As an editorial in the March Carolina Journal points out, Republican lawmakers tried to divert more than $100 million from Golden LEAF, the two other funds supported by the Master Settlement Agreement, and various “economic development” pots of money to help balance the budget and to place that funding under the control of the General Assembly and away from the boards, stacked with political insiders who parcel out millions of dollars annually with scant oversight and little public scrutiny.

The tobacco funds, the One North Carolina Fund, and the Job Development Investment Grants that would have been diverted by the Senate Bill 13 ? which Perdue vetoed ? were created or championed by Mike Easley, who made them dens of cronyism, pork-barrel politics, and in some instances, corruption. Using classic ends-justifies-the-means logic, the N&O editorial says while it may be tempting to revert Golden LEAF money to the General Fund,

sensible lawmakers will resist. Golden LEAF’s endowment, if preserved, will continue spinning off earnings that can be put to good use. Taking it to help plug the anticipated $2.4 billion hole in the upcoming state budget would ease the task of budget-writers as they look for places to cut, but once the money was gone it would be gone for good. And one of North Carolina’s key efforts to bring people who used to depend on tobacco into a more sustainable, diversified economy would be stubbed out.

Because Golden LEAF does “good work,” the editorial argues, it should be preserved, even though it does spend public money with no accountability to the people of North Carolina.
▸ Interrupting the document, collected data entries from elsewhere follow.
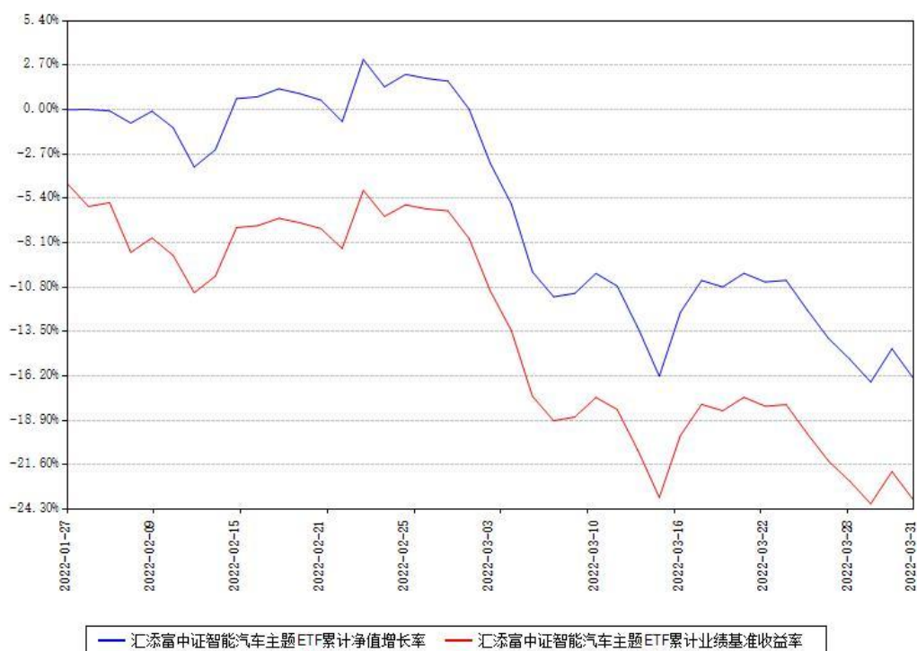
汇添富中证智能汽车主题ETF累计净值增长率与同期业绩基准收益率对比图

(二) 自基金合同生效以来基金累计净值增长率变动及其与同期业绩比较基准收益率变动的比较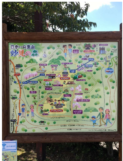
34. 妙見の水広場にある妙見の森案内板。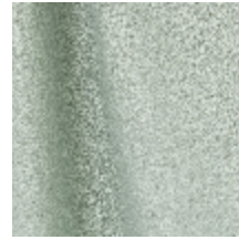
0795-11 DANDY M1 - CELADON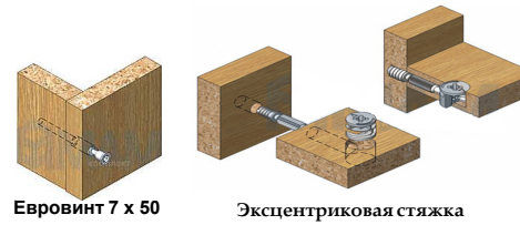
Евровинт 7 x 50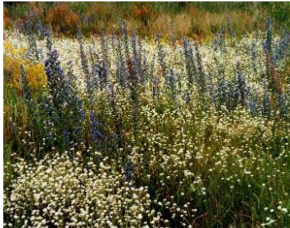
Abb. 6: Vegetationsaufnahme 27: Berteroetum incanae ,

Die Standorteigenschaften der kartierten Flächen erstrecken sich hinsichtlich der Feuchtigkeit ausgehend von trockenen Sandstandorten, über trockenes bis frisches Gelände, hin zu frischen bis zeitweise feuchten Bereichen.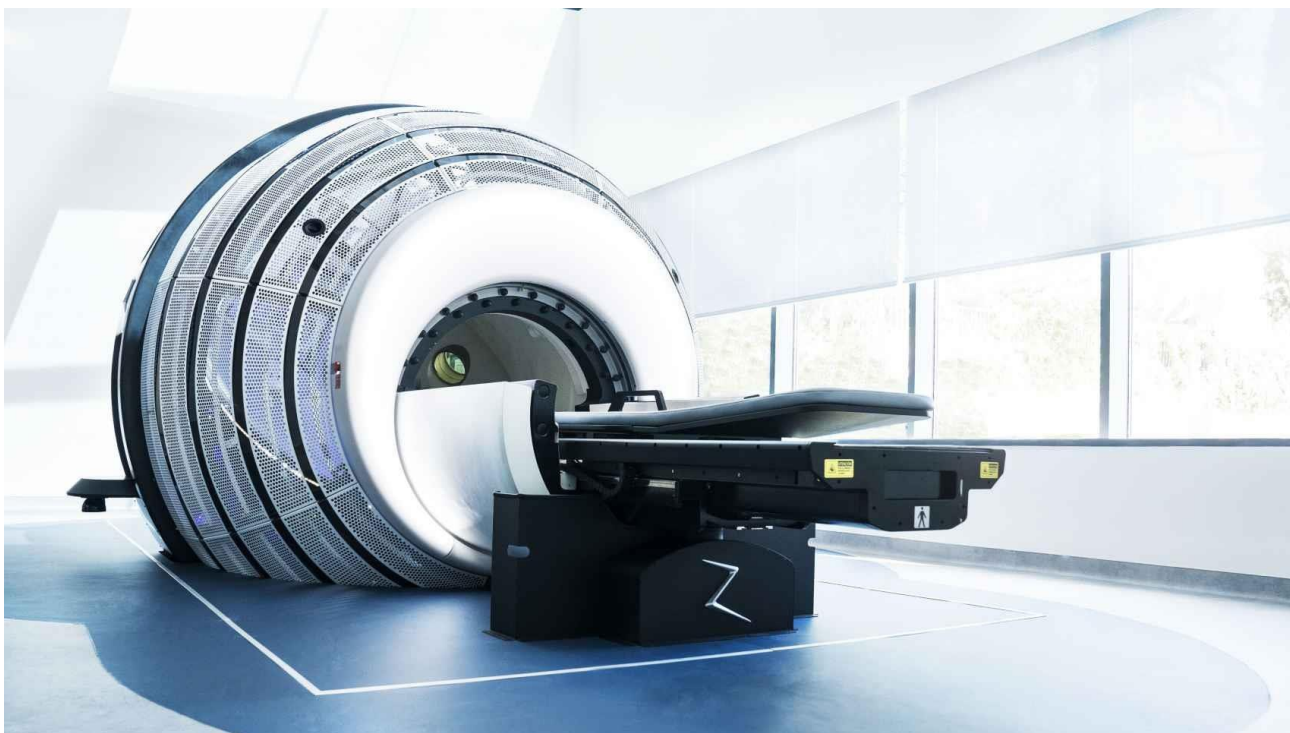
A máquina ZAP-X, um sistema inovador de radiocirurgia. Hospital Clínico da Universidade de São Carlos IRCA

R.: São apenas 10 no mundo – Estados Unidos, Alemanha, Suíça e Espanha. O quarto que foi ativado na Europa foi o nosso, tornando o Instituto de Radiocirurgia Avançada (IRCA), do Hospital Viamed Santa Elena de Madri, o primeiro e único centro que possui esse sistema em nosso país. E é também a que está a tratar os tumores mais complicados e com maior sucesso. Agora também estão sendo instalados na França, Polônia, Grécia... porque é evidente que funciona.

Nothing to see here, folks, move along.

CJ pointed out in January that the boards governing Golden LEAF, other tobacco and economic development funds, and just about every other executive branch board and commission with a mixture of members appointed by the governor and the legislature has become a shadowy, fourth branch of government, accountable to no one other than the handful of politicians who pick them.

The N&O’s editors presumably have no problem with that.